Source material:
Start of Block

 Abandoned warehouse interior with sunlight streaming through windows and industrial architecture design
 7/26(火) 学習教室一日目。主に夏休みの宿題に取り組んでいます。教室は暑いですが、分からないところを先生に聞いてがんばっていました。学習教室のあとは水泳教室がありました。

End of Block
Start of Block

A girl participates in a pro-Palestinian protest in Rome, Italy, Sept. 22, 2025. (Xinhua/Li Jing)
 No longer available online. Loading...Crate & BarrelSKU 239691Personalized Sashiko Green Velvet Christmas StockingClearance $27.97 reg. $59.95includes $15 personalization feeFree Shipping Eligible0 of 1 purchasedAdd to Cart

End of Block
Start of Block

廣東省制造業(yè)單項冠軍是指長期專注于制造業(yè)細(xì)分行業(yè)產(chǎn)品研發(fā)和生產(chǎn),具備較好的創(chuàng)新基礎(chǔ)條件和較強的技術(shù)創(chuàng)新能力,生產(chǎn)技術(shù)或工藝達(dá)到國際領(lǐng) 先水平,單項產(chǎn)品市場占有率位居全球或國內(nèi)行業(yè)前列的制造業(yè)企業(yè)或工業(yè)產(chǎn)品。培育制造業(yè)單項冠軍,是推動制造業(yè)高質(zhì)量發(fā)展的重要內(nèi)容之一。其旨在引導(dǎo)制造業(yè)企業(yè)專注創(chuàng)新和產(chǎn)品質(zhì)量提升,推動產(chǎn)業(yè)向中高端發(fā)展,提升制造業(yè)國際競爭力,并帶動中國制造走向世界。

End of Block

What the exercise asks: All that is wanted is a faithful reproduction of the line above with "A girl participates", the line with "No longer available", and every line in between.

The answer:
A girl participates in a pro-Palestinian protest in Rome, Italy, Sept. 22, 2025. (Xinhua/Li Jing)
 No longer available online. Loading...Crate & BarrelSKU 239691Personalized Sashiko Green Velvet Christmas StockingClearance $27.97 reg. $59.95includes $15 personalization feeFree Shipping Eligible0 of 1 purchasedAdd to Cart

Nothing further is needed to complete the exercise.